The destruction of the temple meant the fall of eros, indicating that eros cannot be limited to sexuality.. Sex cannot by itself sate us in our lust for essence.. When we mourn the destruction we yearn to live erotically in all the facets of our lives once again. The Talmud relates that at the time of the destruction, fruits lost their taste. Laughter vanished in the life of the polis, and the vitality of sexuality, teaches R. Isaac, was reserved for those seeking illicit adulterous thrill. The passionate yearning for rebuilding the temple is the longing to redeem eros from its distortions. We need to move from the eros of longing which symbolized the exile to an eros of fulfillment. We need to experience the full intensity of erotic relationship with our partners. Put succinctly, rebuilding the temple is to touch the passion of elicit sexw ithin the holy and ethical context of my relationship with my wife.

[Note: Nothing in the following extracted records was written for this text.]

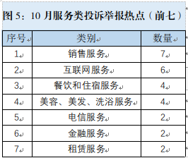 (四)服务消费投诉举报热点。10月份全区服务类投诉举报热点集中销售服务类、互联网服务类等。10月服务类投诉举报(前七)详见图5:
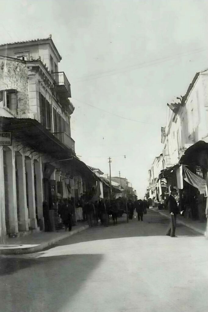 Η φωτογραφία της δεκαετίας του 1940 μάς υπενθυμίζει πως η Σκουφά δεν ήταν απλώς ένας εμπορικός δρόμος, αλλά ένα ενιαίο αρχιτεκτονικό σύνολο. Οι πέτρινες κολόνες, που σήμερα —πλην ελαχίστων— έχουν καταστραφεί ή επενδυθεί, αποτελούν ζωντανό τεκμήριο μιας αισθητικής που δεν χάθηκε από τον χρόνο, αλλά από επιλογές.
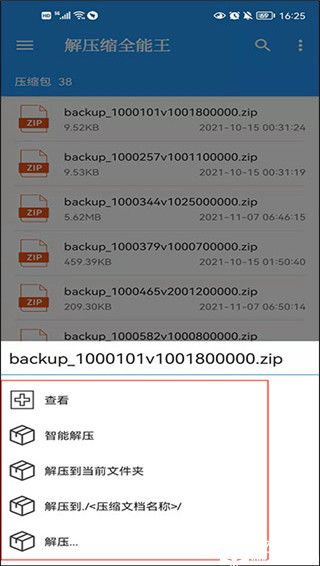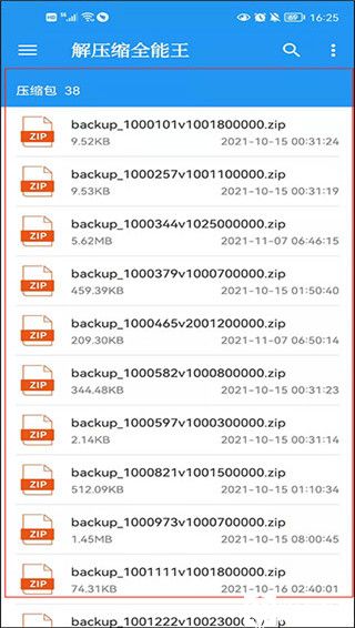 2、之后软件会为你自动扫描手机上的所有压缩包文件。选择你想要进行解压的压缩包。
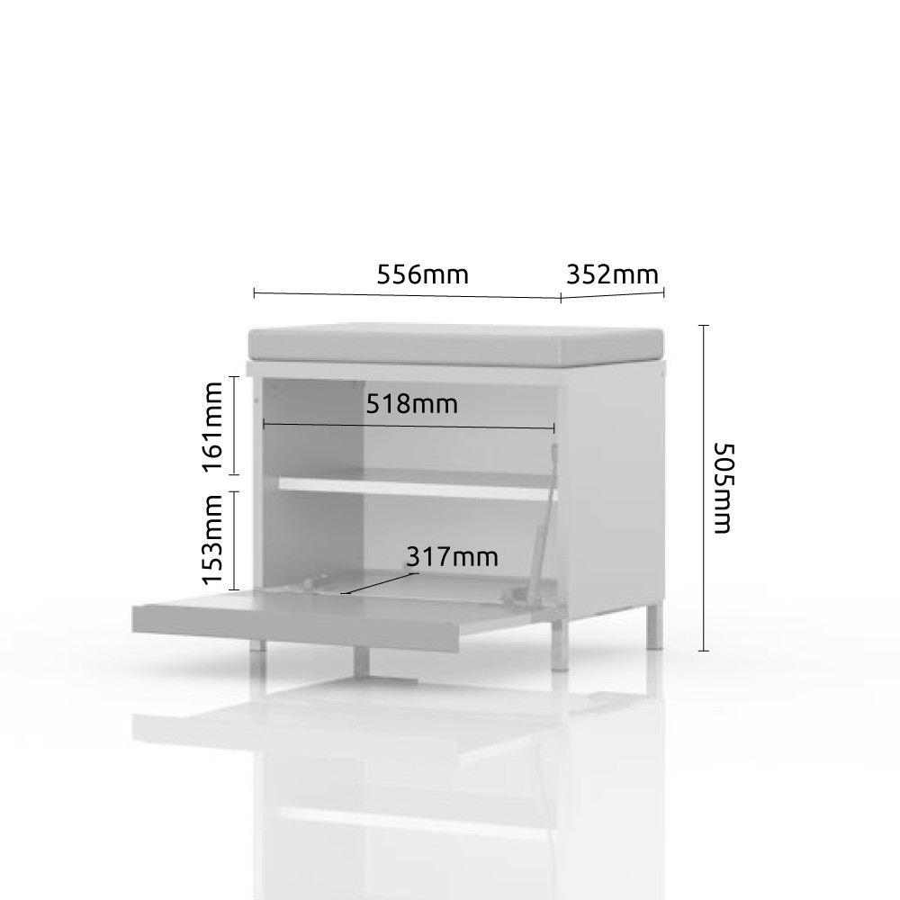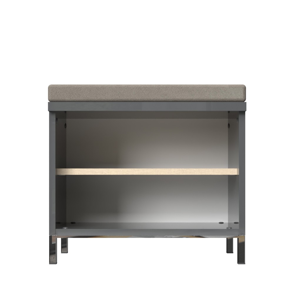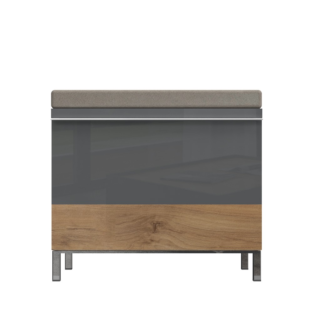 Komoda s jednim krilom i tapeciranim jastukom za sjedenje. Vidljivi dijelovi komode lakirani su visokosjajnim UV lakom u atraktivnoj antracit boji s aplikacijom u drvo dekoru pacifik orah. Unutarnji dijelovi korpusa su u toplom tekstil dekoru. U cijenu je uključena jedna polica i gasni mehanizam za lako otvaranje krila. Element ima kromirane elegantne nogice s okvirnom konstrukcijom i ukrasnom kromiranom ručkom. Tapecirani jastuk je izrađen od kvalitetnog, gusto tkanog materijala. Sastav tkanine je vodootporan i omogućuje jednostavno uklanjanje mrlja.

This is the deep intent of Akiva, the mystic sage, who witnessed the destruction of the temple. All the books are holy, taught Akiva — the song of songs is the holy of holies. Akiva teaches that the essence of the temple, the holy of holies is Song of songs, i.e. the experience of passion and sensuality as the guiding force in all of our relationships with world. It is for this that we yearn when we pray for the temple with her cherubs to be restored. We pray not for the temple building but for temple consciousness to infuse and guide our lives.